For P56b v1, tool_definition_digest_alg is "sha256", tool_definition_canonicalization is "jcs:mcp_tool_definition.v1", tool_definition_schema is "assay.mcp.tool-definition.snapshot.v1", and tool_definition_source is "mcp.tools/list". The digest is computed over a bounded JCS projection of the observed tool definition: name, optional trimmed description, optional full normalized input_schema, and optional server_id only when the observed definition is server-scoped. Top-level vendor/provider metadata, annotations, display hints, runtime result payloads, registry bodies, and x-assay-sig are excluded before digesting. Schema keywords inside input_schema remain part of the reviewed schema surface. P56b does not claim tool safety, implementation truth, signature validity, signer trust, registry trust, or that the tool definition is retrievable or embedded. Absence of tool_definition_digest means the tool-definition boundary is not visible, not that the tool is safe.

delegated_from and delegation_depth are additive optional fields. They are surfaced only when a supported decision flow carries explicit _meta.delegation context.
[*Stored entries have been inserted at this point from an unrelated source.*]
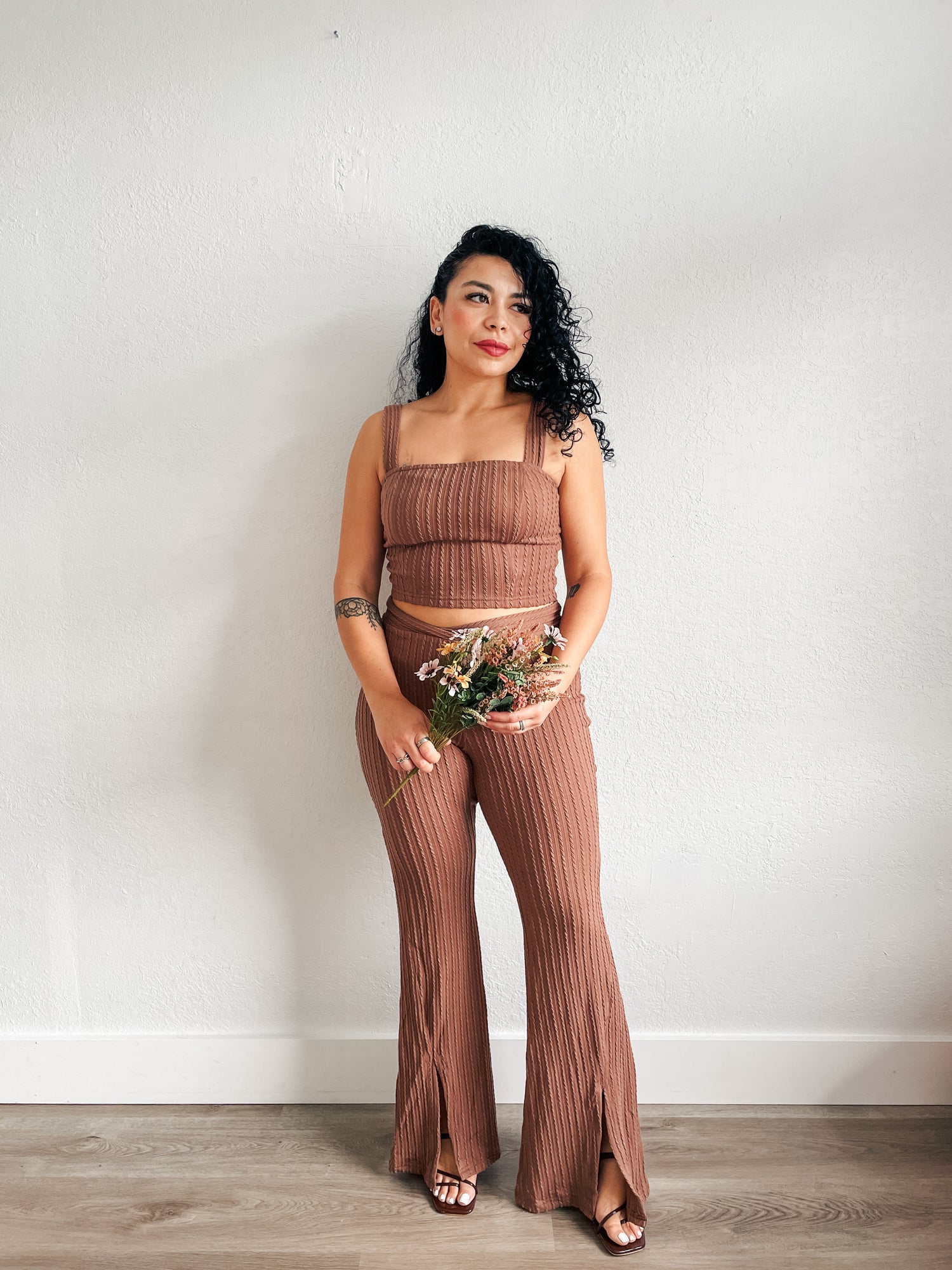 Set features cable knit fabric, sleeveless cropped top, matching pants with flare front slit.
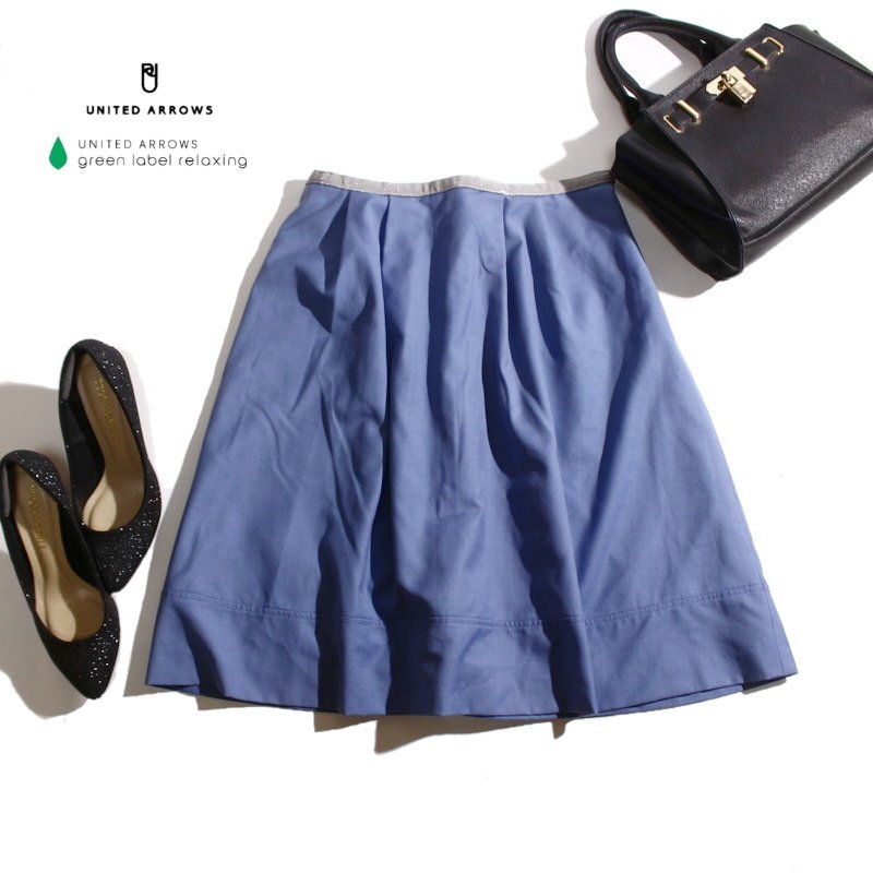 > 美品 ユナイテッドアローズ グリーンレーベルリラクシング 春 夏 ポリエステル Aライン フレアスカート 9号 38 淡い ブルー 水色 綺麗め
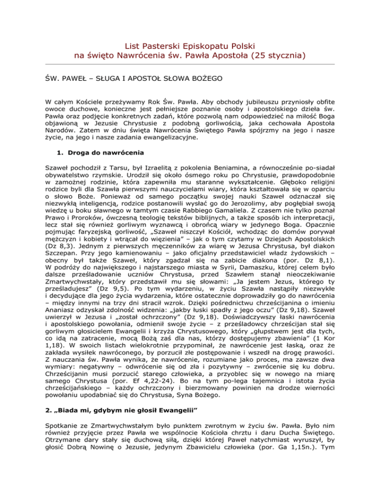 List Pasterski Episkopatu Polski na święto Nawrócenia św. Pawła Apostoła (25 stycznia) ŚW. PAWEŁ – SŁUGA I APOSTOŁ SŁOWA BOśEGO W całym Kościele przeŜywamy Rok Św. Pawła. Aby obchody jubileuszu przyniosły obfite owoce duchowe, konieczne jest pełniejsze poznanie osoby i apostolskiego dzieła św. Pawła oraz podjęcie konkretnych zadań, które pozwolą nam odpowiedzieć na miłość Boga objawioną w Jezusie Chrystusie z podobną gorliwością, jaka cechowała Apostoła Narodów. Zatem w dniu święta Nawrócenia Świętego Pawła spójrzmy na jego i nasze Ŝycie, na jego i nasze zadania ewangelizacyjne. 1. Droga do nawrócenia Szaweł pochodził z Tarsu, był Izraelitą z pokolenia Beniamina, a równocześnie po-siadał obywatelstwo rzymskie. Urodził się około ósmego roku po Chrystusie, prawdopodobnie w zamoŜnej rodzinie, która zapewniła mu staranne wykształcenie. Głęboko religijni rodzice byli dla Szawła pierwszymi nauczycielami wiary, która kształtowała się w oparciu o słowo BoŜe. PoniewaŜ od samego początku swojej nauki Szaweł odznaczał się niezwykłą inteligencją, rodzice postanowili wysłać go do Jerozolimy, aby pogłębiał swoją wiedzę u boku sławnego w tamtym czasie Rabbiego Gamaliela. Z czasem nie tylko poznał Prawo i Proroków, ówczesną teologię tekstów biblijnych, a takŜe sposób ich interpretacji, lecz stał się równieŜ gorliwym wyznawcą i obrońcą wiary w jedynego Boga. Opacznie pojmując faryzejską gorliwość, „Szaweł niszczył Kościół, wchodząc do domów porywał męŜczyzn i kobiety i wtrącał do więzienia” – jak o tym czytamy w Dziejach Apostolskich (Dz 8,3). Jednym z pierwszych męczenników za wiarę w Jezusa Chrystusa, był diakon Szczepan. Przy jego kamienowaniu – jako oficjalny przedstawiciel władz Ŝydowskich – obecny był takŜe Szaweł, który zgadzał się na zabicie diakona (por. Dz 8,1). W podróŜy do największego i najstarszego miasta w Syrii, Damaszku, której celem było dalsze prześladowanie uczniów Chrystusa, przed Szawłem stanął nieoczekiwanie Zmartwychwstały, który przedstawił mu się słowami: „Ja jestem Jezus, którego ty prześladujesz” (Dz 9,5). Po tym wydarzeniu, w Ŝyciu Szawła nastąpiły niezwykłe i decydujące dla jego Ŝycia wydarzenia, które ostatecznie doprowadziły go do nawrócenia – między innymi na trzy dni stracił wzrok. Dzięki pośrednictwu chrześcijanina o imieniu Ananiasz odzyskał zdolność widzenia: „jakby łuski spadły z jego oczu” (Dz 9,18). Szaweł uwierzył w Jezusa i „został ochrzczony” (Dz 9,18). Doświadczywszy łaski nawrócenia i apostolskiego powołania, odmienił swoje Ŝycie – z prześladowcy chrześcijan stał się gorliwym głosicielem Ewangelii i krzyŜa Chrystusowego, który „głupstwem jest dla tych, co idą na zatracenie, mocą BoŜą zaś dla nas, którzy dostępujemy zbawienia” (1 Kor 1,18). W swoich listach wielokrotnie przypominał, Ŝe nawrócenie jest łaską, oraz Ŝe zakłada wysiłek nawróconego, by porzucił złe postępowanie i wszedł na drogę prawości. Z nauczania św. Pawła wynika, Ŝe nawrócenie, rozumiane jako proces, ma zawsze dwa wymiary: negatywny – odwrócenie się od zła i pozytywny – zwrócenie się ku dobru. Chrześcijanin musi porzucić starego człowieka, a przyoblec się w nowego na miarę samego Chrystusa (por. Ef 4,22-24). Bo na tym po-lega tajemnica i istota Ŝycia chrześcijańskiego – kaŜdy ochrzczony i bierzmowany powinien na drodze wierności powołaniu upodabniać się do Chrystusa, Syna BoŜego. 2. „Biada mi, gdybym nie głosił Ewangelii” Spotkanie ze Zmartwychwstałym było punktem zwrotnym w Ŝyciu św. Pawła. Było nim równieŜ przyjęcie przez Pawła we wspólnocie Kościoła chrztu i daru Ducha Świętego. Otrzymane dary stały się duchową siłą, dzięki której Paweł natychmiast wyruszył, by głosić Dobrą Nowinę o Jezusie, jedynym Zbawicielu człowieka (por. Ga 1,15n.). Tym samym odpowiedział na wezwanie Jezusa, skierowane do apostołów: „Idźcie na cały świat i głoście Ewangelię wszelkiemu stworzeniu” (Mk 16,15). Św. Paweł uznawał głoszenie Dobrej No-winy za najwaŜniejsze zadanie ucznia Jezusa. Mówił: „Biada mi, gdybym nie głosił Ewangelii” (1 Kor 9,16). Apostoł miał świadomość, Ŝe nawrócenie jest łaską, daną człowiekowi dla innych, dla wspólnoty Kościoła. Kto się nawrócił, powinien dzielić się otrzymanym darem nowego Ŝycia. Paweł czynił to, głosząc Ŝe UkrzyŜowany i Zmartwychwstały Jezus jest Panem (por. Rz 10,9). Do głoszenia słowa BoŜego i jednocześnie karmienia się nim Apostoł wzywał wszystkich swoich uczniów. Pisząc do biskupa Efezu Tymoteusza, pouczał i zachęcał go, by był wzorem „w mowie, w obejściu, w miłości, w wierze, w czystości!” (1 Tm 4,12), ale w sposób szczególny, aby przykładał się „do czytania, zachęcania, nauki” (1 Tm 4,13). To bowiem czyniąc, i siebie samego zbawi, i tych, którzy będą go słuchać (por. 1 Tm 4,16). Wzywając do takiego działania, Paweł wskazywał, Ŝe fundamentem nauczania i wszelkiego dobrego czynu jest słowo BoŜe. Tylko ono moŜe „nauczyć mądrości wiodącej ku zbawieniu przez wiarę w Chrystusie Jezusie” (2 Tm 3,15). Z całą mocą podkreślał, iŜ „wszelkie Pismo od Boga natchnione jest i poŜyteczne do nauczania, do przekonywania, do poprawiania, do kształcenia w sprawiedliwości – aby człowiek BoŜy był doskonały, przysposobiony do kaŜdego dobrego czynu” (2 Tm 3,16). Głoszenie słowa wymaga prorockiego zapału, entuzjazmu i odwagi: „Zaklinam cię wobec Boga i Chrystusa Jezusa, który będzie sądził Ŝywych i umarłych, i na Jego pojawienie się, i na Jego królestwo: głoś naukę, nastawaj w porę, nie w porę, w razie potrzeby wykaŜ błąd, poucz, podnieś na duchu z całą cierpliwością, ilekroć nauczasz. Czuwaj we wszystkim, znoś trudy, wykonaj dzieło ewangelisty, s
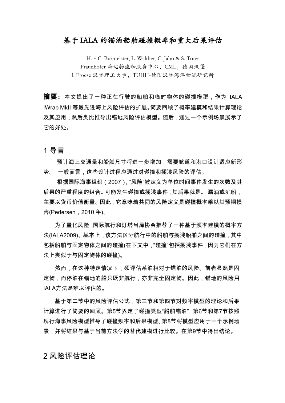 基于IALA的锚泊船碰撞概率和重大后果评估外文翻译资料
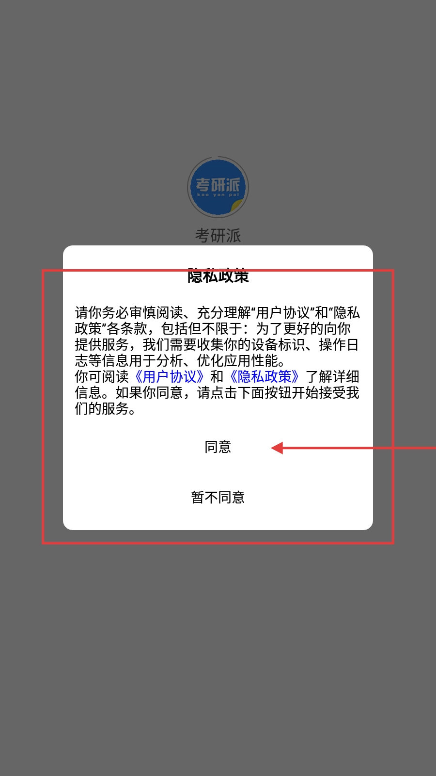 1、进入【考研派】,点击【同意】隐私政策,开始使用服务。
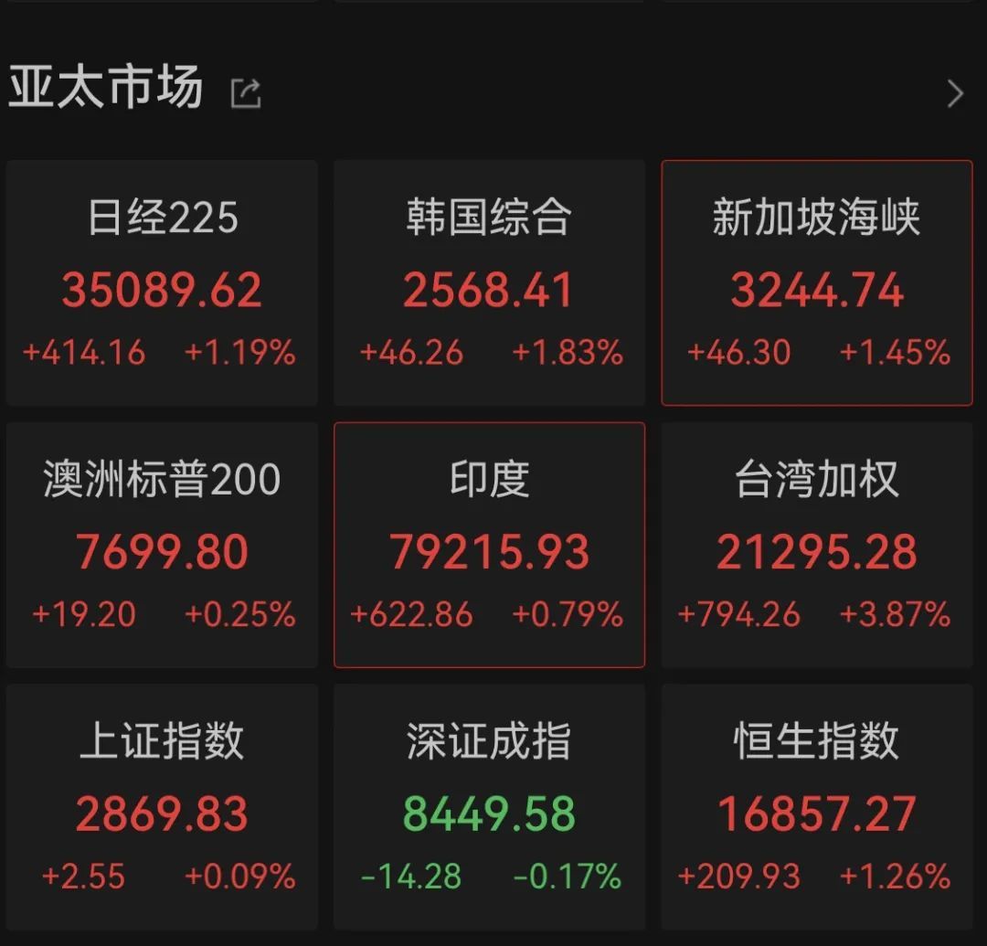 今天,亚太主要股指集体收涨。日经225指数涨幅一度扩大至3%,接近收盘时迅速下跌。

They do not imply delegation-chain completeness or integrity, inherited-scope validation, or temporal correctness.

C. assay.sandbox.degraded (Operational Integrity)

Records when stronger-than-audit containment was requested, weaker containment became effective, and execution continued.

{
  "reason_code": "policy_conflict",
  "degradation_mode": "audit_fallback",
  "component": "landlock",
  "detail": "optional, redacted operator context"
}

reason_code is currently backend_unavailable or policy_conflict. degradation_mode is currently audit_fallback. component is currently landlock. detail is optional and must be redacted operator context.

D. assay.fs.access (Activity Log)

Records filesystem activity with generalized paths. In observed mode, payloads are minimized and the generalized subject is carried in the envelope subject.

{
  "hits": 3
}

Full-detail local exports may include additional observed fields such as file, first_seen, last_seen, and runs_seen. Those fields are additive and not required for v1 stable consumption.

E. assay.env.filtered (Environment Filtering)

Records environment-filtering posture and summary counts without raw environment values.

{
  "mode": "strict",
  "passed_keys": ["PATH"],
  "dropped_keys": ["OPENAI_API_KEY"],
  "counters": {
    "passed": 1,
    "dropped": 1
  }
}

mode is the observed filter mode. passed_keys and dropped_keys are key names only; raw environment values must not appear in this payload. counters is an additive map of summary counters.

Consequences

  • Interoperability: Standard envelope allows ingestion by any CloudEvents-compatible system (Splunk, Azure Event Grid).
  • Audit-Ready: Separation of sensitive data ensures evidence can be stored long-term without GDPR/compliance risks.
  • Strictness: Breaking changes to schemas require new type versions (e.g. assay.env.filtered.v2).